Modified: doc/trunk/design/syn/S02.pod
==============================================================================
--- doc/trunk/design/syn/S02.pod        (original)
+++ doc/trunk/design/syn/S02.pod        Tue Feb 13 23:07:00 2007
@@ -12,9 +12,9 @@
 
   Maintainer: Larry Wall <[EMAIL PROTECTED]>
   Date: 10 Aug 2004
-  Last Modified: 11 Feb 2007
+  Last Modified: 13 Feb 2007
   Number: 2
-  Version: 86
+  Version: 87
 
 This document summarizes Apocalypse 2, which covers small-scale
 lexical items and typological issues.  (These Synopses also contain
@@ -1958,67 +1958,20 @@
                 :trans          Parse as transliteration
                 :code           Quasiquoting
 
-Ordinarily the colon is required on adverbs, but the C<quote> declarator
-allows you to combine any of the existing adverbial forms above
-without an intervening colon:
+You may omit the first colon by joining an initial 'Q', 'q', or 'qq' with
+a single short form adverb, which produces forms like:
 
-    quote qw;                   # declare a P5-esque qw// meaning q:w
-    quote Qc;                   # Q:c//, interpolate only closures
+    qw /a b c/;                         # P5-esque qw// meaning q:w
+    Qc '...{$x}...';                    # Q:c//, interpolate only closures
+    qqx/$cmd @args/                     # equivalent to P5's qx//
 
-Actually, those two are already assumed, because you get all of the
-forms that use a single character modifier predeclared for free.  (Note
-this means that C<qx//> doesn't intepolate.)

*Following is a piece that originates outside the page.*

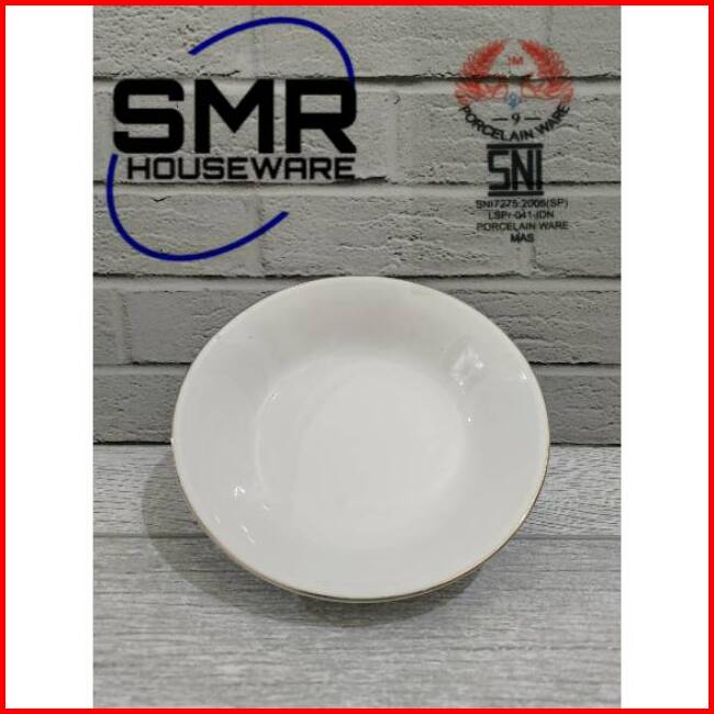6 Pcs Piring Pudding Keramik Lis Merk Jm Ukuran 14 Cm 6 Pcs

+(Note that C<qx//> doesn't intepolate.)
 
-If you want to abbreviate further, you may also give an explicit
-definition as either a string or quasiquote:
+If you want to abbreviate further, just define a macro:
 
-    quote qx = 'qq:x';          # equivalent to P5's qx//
-    quote qTO = 'qq:x:w:to';    # qq:x:w:to//
-    quote circumfix:<❰ ❱> = q:code{ .quoteharder };  # or some such...
-
-In particular, all these forms disable the lookahead for an adverbial argument,
-as if there were a space after the keyword.  So although
-
-    q:s($foo)
-
-will misinterpret C<$foo> as the C<:s> argument,
-
-    qs(stuff)
-
-has the advantage of misinterpreting it as the argument to the C<qs()>
-function instead.  C<:)>
-
-But parens are special that way.  (Even C<q()> is assumed to be a
-function call rather than a quote.)  Other bracketing characters are
-special only if they can be mistaken for adverbial arguments, so
-
-    qs[stuff]
-
-is fine, and means
-
-    q:s /stuff/
-
-while
-
-    q:s[stuff]
-
-also happens to work because quote adverbs only allow the paren form of
-bracketed adverbs.
-
-If this is all too much of a hardship, you can define your own quote
-adverbs and operators as standard macros.  The main difference is that,
-unlike
-
-    quote qs = 'q:s';
-
-declaring something like
-
-    macro qs { 'q:s' }
-
-does I<not> disable the subsequent search for a parenthesized argument
-to C<:n>.  To get the equivalent, you need to add a space:
-
-    macro qs { 'q:s ' }
+    macro qx { 'qq:x ' }          # equivalent to P5's qx//
+    macro qTO { 'qq:x:w:to ' }    # qq:x:w:to//
+    macro circumfix:<❰ ❱> ($expr) { q:code{ $expr.quoteharder } }
 
 All the uppercase adverbs are reserved for user-defined quotes.
 All Unicode delimiters above Latin-1 are reserved for user-defined quotes.